▶ [Instructions to follow] Reproduce the listing in full, pictures excluded.

▶ [Stored data]
════════
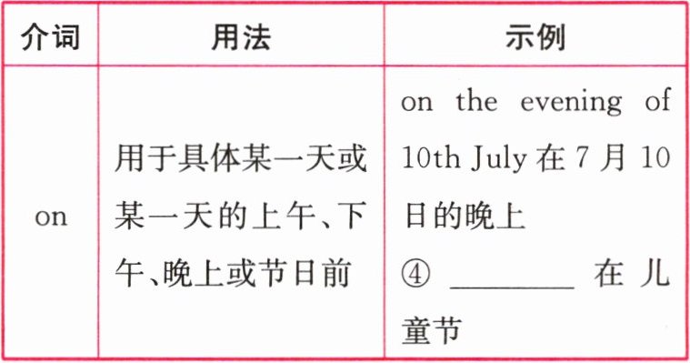 |on|用于具体某一天或某一天的上午、下午、晚上或节日前|on the evening of 10th July 在 7 月 10 日的晚上
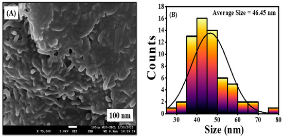 Figure 5A,B represent the FESEM micrographs of (A) S 95% MWCNT 5% and (B) S 99% MWCNT 1%. Figure 6A represents a magnified view at 100 nm of S 95% MWCNT 5%. Alongside, Figure 6B represents the counts vs. size (nm) histogram curve for Figure 6A. In Figure 5A,B, composite particles appear to be round, with some degree of agglomeration. MWCNTs have fibrous structures, and sulfur has a round structure. Figure 6A represents mixed fiber/round morphologies. The particle size calculated from Figure 6B shows an average particle size of 46.45 nm.
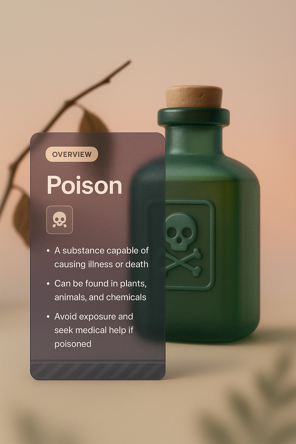 /Collection: /by davooda/Type: PNG/A 3D illustration featuring a stylized poison bottle with a skull emblem. Accompanying text blocks provide key information about poison. The design incorporates a smooth gradient background and a subtle glass effect.
════════
▶ [Exercise response]
 |on|用于具体某一天或某一天的上午、下午、晚上或节日前|on the evening of 10th July 在 7 月 10 日的晚上
 Figure 5A,B represent the FESEM micrographs of (A) S 95% MWCNT 5% and (B) S 99% MWCNT 1%. Figure 6A represents a magnified view at 100 nm of S 95% MWCNT 5%. Alongside, Figure 6B represents the counts vs. size (nm) histogram curve for Figure 6A. In Figure 5A,B, composite particles appear to be round, with some degree of agglomeration. MWCNTs have fibrous structures, and sulfur has a round structure. Figure 6A represents mixed fiber/round morphologies. The particle size calculated from Figure 6B shows an average particle size of 46.45 nm.
 /Collection: /by davooda/Type: PNG/A 3D illustration featuring a stylized poison bottle with a skull emblem. Accompanying text blocks provide key information about poison. The design incorporates a smooth gradient background and a subtle glass effect.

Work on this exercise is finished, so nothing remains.